Early and severe bone loss is a serious problem in persons with spinal cord injury (SCI). Loss of bone calcium can occur in any of the bones below the level of injury.
Fracture incidence is reported to be as high as 4.6% per year in persons with chronic SCI, with a prevalence of 15% to 34% and rising. More than 90% of fractures in persons with chronic SCI are in the lower limb, largely in the distal femur and proximal tibia. These are usually low-velocity fractures, with falls from a wheelchair as the most common cause.
Hormonal deficiency, nutritional changes, alterations in circulation, and loss of autonomic nervous system influences all seem to contribute to bone loss associated with SCI, but loss of mechanical strain appears to be the single most important factor.
Determining how to slow or reverse bone loss in patients with SCI is an important area of study. The simple act of falling out of a wheelchair can cause painful fractures that can lead to many problems, all creating secondary disability. Problems include:
As neuroscientists get closer to understanding how to restore motor function in patients with SCI, identifying effective methods to strengthen weight-bearing bones so patients can stand again will be an important development.
Numerous published studies have examined whether active or passive verticalization in SCI patients affects bone demineralization. To date, studies using techniques like passive standing or standing on a vibrating surface have failed to establish that any of these therapies used alone significantly slows or reverses SCI-induced osteoporosis.

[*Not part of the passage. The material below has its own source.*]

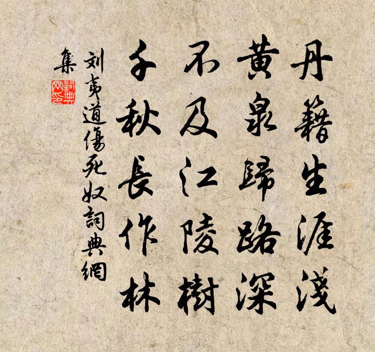 詩詞名句歷史字典書法欣賞書法字典國語詞典說文解字康熙字典古漢語字典標 題 作 者 詩 句 傷死奴作者:劉夷道 朝代:唐代傷死奴原文丹籍生涯淺,黃泉歸路深。不及江陵樹,千秋長作林。詩詞問答問:傷死奴的作者是誰?答:劉夷道問:傷死奴寫於哪個朝代?答:唐代問:傷死奴是什麼體裁?答:五絕劉夷道傷死奴書法欣賞傷死奴書法作品注釋全唐詩:卷769-4詩詞推薦投獻吏部張侍郎十韻李洞〔唐代〕苔染馬蹄青,何曾似在城。不於僧院宿,多傍御溝行。隱岫侵巴疊,租田帶渭平。肩囊尋省寺,袖軸遍公卿。夢入幽谷釋文珦〔宋代〕幽谷寒偏早,初秋御裌衣。山田禾未熟,徑樹葉先飛。澗淺樵夫涉,籬疎野鹿歸。不嫌生計薄,且與世人違。答王雪窗惠詩陳郁〔宋代〕窗以雪為名,窗中人亦清。聽無多淡話,含不盡幽情。世態秋雲薄,吟懷霽月明。似聞藏古硯,石眼可曾晴。白馬翁綬〔唐代〕渥窪龍種雪霜同,毛骨天生膽氣雄。金埒乍調光照地,玉關初別遠嘶風。花明錦襜垂楊下,露濕朱纓細草中。一夜訪僧居徐照〔宋代〕客至無他事,房門不厭敲。好山元帶郭,損屋旋鋪茅。靜砌生靈藥,高林出遠郊。水禽冬不見,春暖漸營巢。念奴嬌沈端節〔宋代〕嫩涼清曉,淡秋容、橫寫鮫綃十幅。山水光中參意味,不管人間榮辱。藜杖棕鞋,綸巾鶴氅,賓主俱遺俗。倚闌舒送邵裔長洲主簿梅堯臣〔宋代〕姑蘇城頭烏哺時,長洲草綠春袍歸。魯桑葉小蠶出遲,吳田水暖牛耕肥。里胥爭迎縣寮喜,入門先自易彩衣。拜親如山堂二首姜特立〔宋代〕飯余行挾冊,醉後臥看山。舉世皆忙者,無人伴我閒。句仇遠〔宋代〕高荷不受雨,傾瀉與低荷。低荷強自持,聚雨傾入波。朝雨尚滴瀝,晚雨忽滂沱。臨池臥以聽,雨聲靜中多。兩耳梅花 其四王冕〔元代〕昔年曾踏西湖路,巢居閣上春無數。雪晴月白影精神,瑪瑙坡前第三樹。虬枝屈夷交碧苔,疏花暖送珍珠胎。初疑春旱忽兩五絕劉克莊〔宋代〕鮭菜饁耕者,雞豚賽社公。不聞車軋軋,但見鼓冬冬。巴州薛刺史歌佚名〔唐代〕日出而耕,日入而歸。吏不到門,夜不掩扉。有孩有童,願以名垂。何以字之,薛孫薛兒。百一詩 十九應璩〔魏晉〕茍欲娛耳目。快心樂腹腸。我躬不悅歡。安能慮死亡。會昌號湘江岸有小峴亭癸卯六月與瑞金吳丞飲曾豐〔宋代〕占斷江西景,臨川擬峴台。今猶千里隔,我更幾時回。幸此亭相似,非公坐莫陪。古今隨水去,風月送詩來。環村踏雪樓鑰〔宋代〕一冬求雪雨還晴,賸喜春朝見玉霙。不為偶同佳客到,誰通常人入亂山行。雲窗霧閣知何限,玉樹瓊枝到處明。更送黃仲秉侍郎出守鎮江李流謙〔宋代〕十年朝露厭鳴珂,華發蕭蕭奈倦何。鸞翮九霄空日月,龍驤萬斛飽風波。古人不見吾猶夢,直道能行恨亦多。駟馬水調歌頭(九日醉中)方岳〔宋代〕左手紫螯蟹,右手綠螺杯。古今多少遺恨,俯仰已塵埃。不共青山一笑,不與黃花一醉,懷抱向誰開。舉酒屬吾子滿江紅(和陳漕使仙湖韻)蕭崱〔宋代〕莫是西湖,分一派、殘波勝碧。間問著、鶯仙丹事,老榕知得。荇水帶長鷗踏損,柳風絮暖魚吞入。只前山、依舊題竹房釋文珦〔宋代〕野水連苔徑,山雲掩竹房。人閒清晝永,鳥語綠陰涼。斷刻排簽古,新茶入焙香。眼前清事足,不道在殊方。楊昌英示性說次韻為謝周必大〔宋代〕聖學榛蕪欠掃際,誠齋刻意紹淵輿。羊岐自昔迷多徑,雞甕從今識廣居。西洛窮源談近似,南宗投隙說真如。早知名句推薦白頭宮女在,閒坐說玄宗。元稹《行宮》 當年曾勝賞,生香熏袖,活火分茶。李清照《轉調滿庭芳·芳草池塘》 銀燭秋光冷畫屏,輕羅小扇撲流螢。杜牧《秋夕》 嫩寒鎖夢因春冷,芳氣籠人是酒香。曹雪芹《紅樓夢·第五回》 人之所助者,信也。佚名《易傳·繫辭傳上·第十二章》 中夜四五嘆,常為大國憂。李白《經亂離後天恩流夜郎憶舊遊書懷贈江夏韋太守良宰》 願將腰下劍,直為斬樓蘭。李白《塞下曲六首》 孔子亦矙其亡也,而往拜之。孟子《孟子·滕文公章句下·第七節》 佳期大堤下,淚向南雲滿李白《大堤曲》 非其地而樹之,不生也。劉向《說苑·雜言》

Approaching this problem from a new angle, a team of Mayo Clinic researchers plans to study whether repeated exposure to vertical oscillation, rather than just a vibrating surface, will help restore bone mass.
Previous studies have shown heavy loading is not necessary to produce results. Mayo researchers are looking for a very specific pattern of motion that is osteogenic, something that mimics the rapid on–rapid off motion that occurs when a person walks.
The Mayo project uses a standing frame that supports patients (those with no voluntary motor control in the legs and trunk) and positions their feet on a unique foot plate that oscillates vertically.
The team will enroll 20 patients in a pilot study and follow them for 6 months. Half the study subjects will use the standing frame and vertical oscillator for 20 minutes daily, 5 times a week. The other half will continue their usual activity and serve as a comparison group.
All study subjects will undergo bone densitometry testing of the distal tibia after 6 months and again at 12 months to allow researchers to measure both the response to the treatment and what happens to subjects' bone density after treatment stops.
Mayo researchers are hopeful that this study will yield results that can benefit care of patients with SCI and also help shed light on how to slow or reverse bone loss in people with mobility impairment due to other disabilities.